With the pictures left out, restate exactly the part below that opens with the line containing "-. Feature : Wallets" and closes with the line containing "客餐廳地面通鋪灰色大理石地磚".

### [DATA SECTION]

>>>

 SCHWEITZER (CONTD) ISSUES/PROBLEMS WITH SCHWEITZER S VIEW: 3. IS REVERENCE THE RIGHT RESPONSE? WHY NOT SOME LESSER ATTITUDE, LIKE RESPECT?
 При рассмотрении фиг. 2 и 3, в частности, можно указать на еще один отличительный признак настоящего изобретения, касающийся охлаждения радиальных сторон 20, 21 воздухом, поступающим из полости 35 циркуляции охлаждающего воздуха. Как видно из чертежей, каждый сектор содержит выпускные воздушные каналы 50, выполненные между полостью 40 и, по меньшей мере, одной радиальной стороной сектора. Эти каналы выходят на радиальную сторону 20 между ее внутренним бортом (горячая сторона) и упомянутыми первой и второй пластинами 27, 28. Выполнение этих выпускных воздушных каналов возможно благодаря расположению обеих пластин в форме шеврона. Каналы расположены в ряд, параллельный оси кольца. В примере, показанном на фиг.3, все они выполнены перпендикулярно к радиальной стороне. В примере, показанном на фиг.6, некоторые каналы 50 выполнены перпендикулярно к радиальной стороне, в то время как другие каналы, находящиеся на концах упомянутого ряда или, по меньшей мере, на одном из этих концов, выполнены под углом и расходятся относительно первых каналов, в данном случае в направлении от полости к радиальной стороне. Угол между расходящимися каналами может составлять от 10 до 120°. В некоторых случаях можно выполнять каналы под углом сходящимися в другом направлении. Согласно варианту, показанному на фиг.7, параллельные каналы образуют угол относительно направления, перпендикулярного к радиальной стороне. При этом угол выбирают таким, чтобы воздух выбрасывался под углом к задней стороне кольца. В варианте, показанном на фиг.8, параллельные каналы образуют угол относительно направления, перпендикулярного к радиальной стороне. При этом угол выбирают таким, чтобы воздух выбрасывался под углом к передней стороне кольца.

<<<
>>>

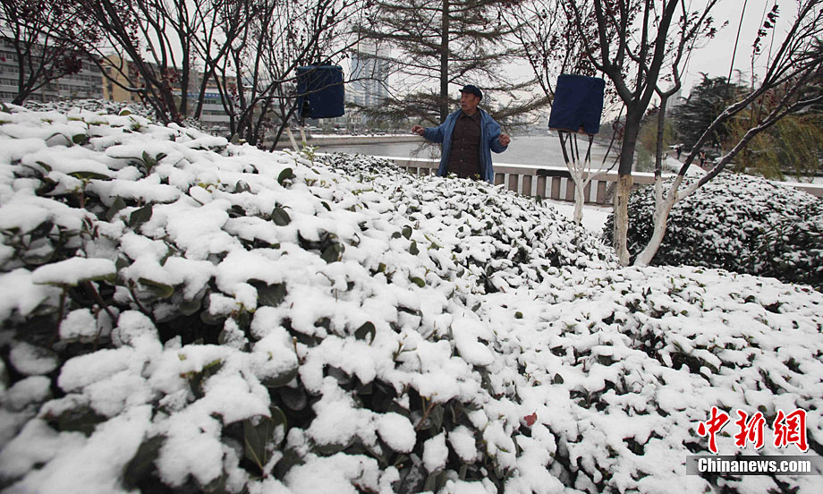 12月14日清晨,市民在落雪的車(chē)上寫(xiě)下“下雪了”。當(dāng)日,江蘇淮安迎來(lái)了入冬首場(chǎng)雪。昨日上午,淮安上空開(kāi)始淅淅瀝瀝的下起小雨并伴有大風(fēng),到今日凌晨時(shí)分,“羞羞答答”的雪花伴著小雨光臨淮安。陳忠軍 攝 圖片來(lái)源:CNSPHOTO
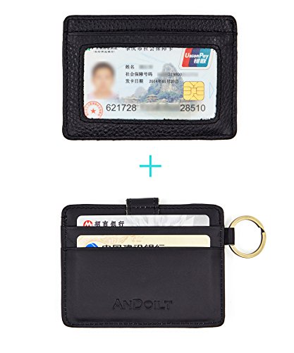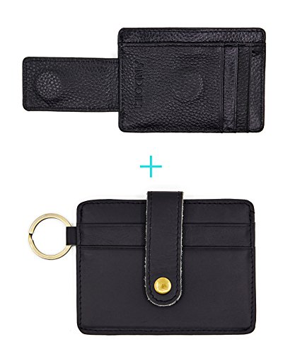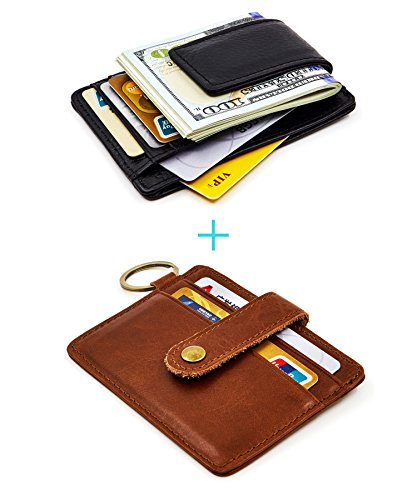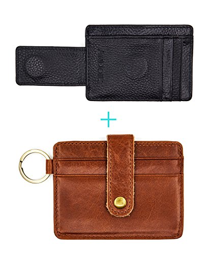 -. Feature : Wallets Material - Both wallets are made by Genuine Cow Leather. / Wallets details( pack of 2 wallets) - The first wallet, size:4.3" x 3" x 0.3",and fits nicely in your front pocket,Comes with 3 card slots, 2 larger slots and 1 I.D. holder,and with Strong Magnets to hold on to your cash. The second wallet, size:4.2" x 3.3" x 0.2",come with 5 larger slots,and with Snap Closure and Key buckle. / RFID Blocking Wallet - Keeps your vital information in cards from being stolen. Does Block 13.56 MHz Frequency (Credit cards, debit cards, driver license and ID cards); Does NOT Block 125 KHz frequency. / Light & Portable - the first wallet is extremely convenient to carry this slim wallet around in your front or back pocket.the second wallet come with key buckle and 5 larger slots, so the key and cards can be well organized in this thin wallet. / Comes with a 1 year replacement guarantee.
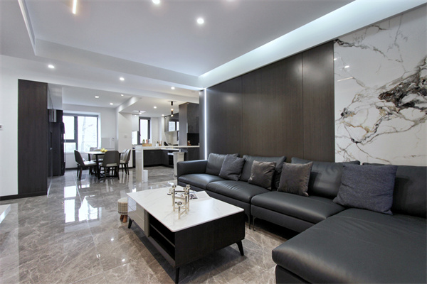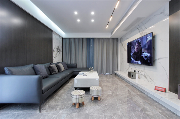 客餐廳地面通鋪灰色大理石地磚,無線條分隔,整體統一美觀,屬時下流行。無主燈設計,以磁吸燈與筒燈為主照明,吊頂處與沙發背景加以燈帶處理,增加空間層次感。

<<<
>>>

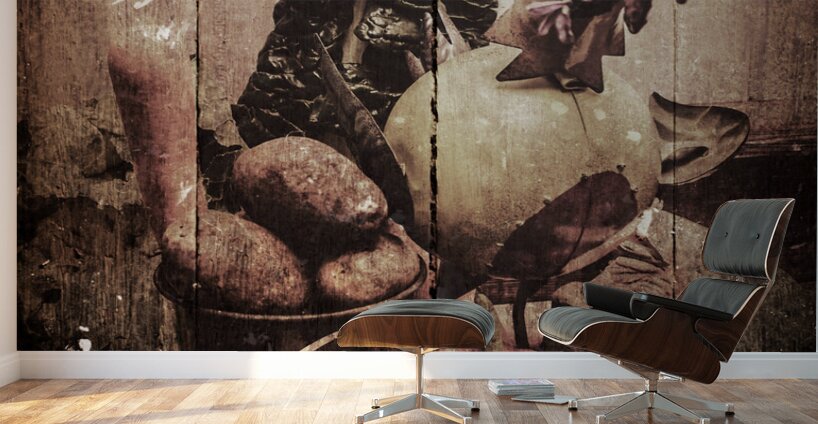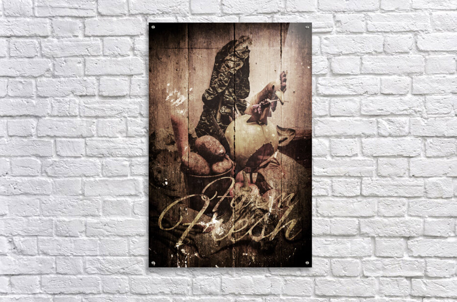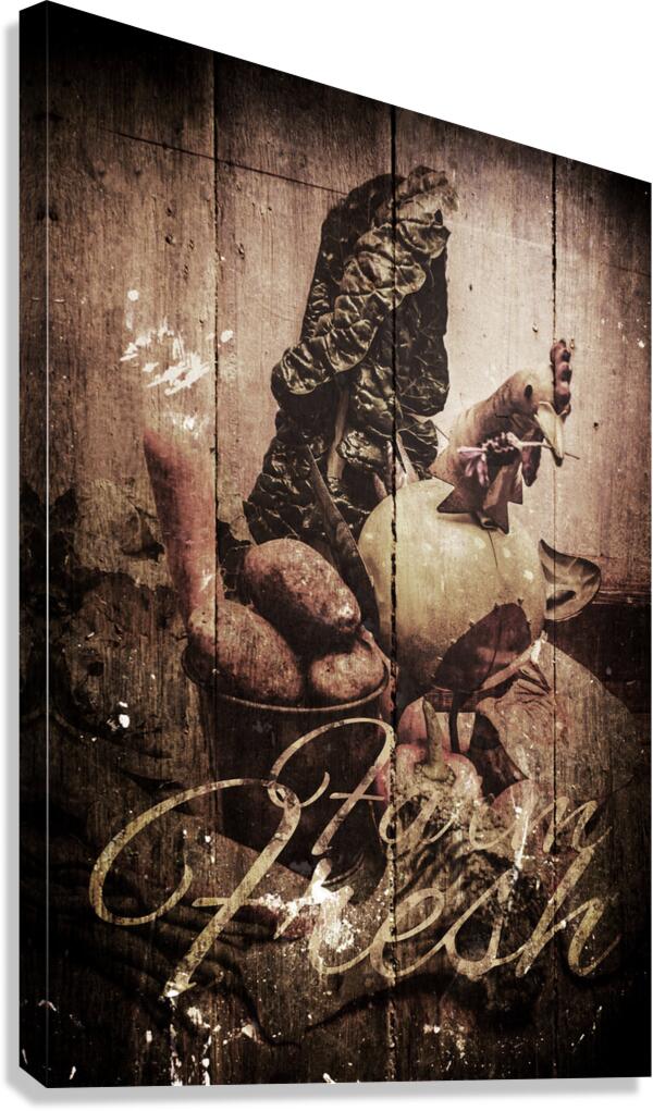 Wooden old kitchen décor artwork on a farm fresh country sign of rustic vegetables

<<<

### [WRITTEN SOLUTION]
 -. Feature : Wallets Material - Both wallets are made by Genuine Cow Leather. / Wallets details( pack of 2 wallets) - The first wallet, size:4.3" x 3" x 0.3",and fits nicely in your front pocket,Comes with 3 card slots, 2 larger slots and 1 I.D. holder,and with Strong Magnets to hold on to your cash. The second wallet, size:4.2" x 3.3" x 0.2",come with 5 larger slots,and with Snap Closure and Key buckle. / RFID Blocking Wallet - Keeps your vital information in cards from being stolen. Does Block 13.56 MHz Frequency (Credit cards, debit cards, driver license and ID cards); Does NOT Block 125 KHz frequency. / Light & Portable - the first wallet is extremely convenient to carry this slim wallet around in your front or back pocket.the second wallet come with key buckle and 5 larger slots, so the key and cards can be well organized in this thin wallet. / Comes with a 1 year replacement guarantee.
 客餐廳地面通鋪灰色大理石地磚,無線條分隔,整體統一美觀,屬時下流行。無主燈設計,以磁吸燈與筒燈為主照明,吊頂處與沙發背景加以燈帶處理,增加空間層次感。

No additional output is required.